Last weekend, almost as soon as US immigration officials began enforcing Trump’s executive order limiting travel and immigration by citizens of seven Muslim-majority countries, lawyers began to appear at various airports around the country, eager to help those detained at the border.
They arrived in numbers so great, The Atlantic referred to them as an “army,” and reported that for hours they far outnumbered the people they were trying to help. Photos of what were described as lawyers busy at work in the airports soon appeared on social media and on newspaper websites.

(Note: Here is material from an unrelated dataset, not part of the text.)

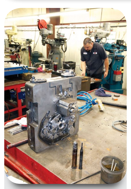
JMMS craftsmen have decades of experience with preventive maintenance and complete refurbishment

Indeed, the way that so many lawyers organized themselves in very little time was more than impressive. Speaking to the New York Times, Andre Segura, a lawyer for the American Civil Liberties Union, stated that a section of a restaurant at JFK airport in New York, was “entirely taken over by attorneys.” They were all working to file petitions for individual clients with the help of the clients’ families. Segura continued:“There were attorneys from numerous major law firms, nonprofits, all working together. I’ve never seen that immediate coming together of teams to start filing actions to try to protect people.”
In a similar vein, Deborah Axt, of the social justice group Make the Road New York, speaking to The Washington Post, stated “The organic outpouring of support has been extraordinary. Attorneys are out en masse mobilizing like organizers.”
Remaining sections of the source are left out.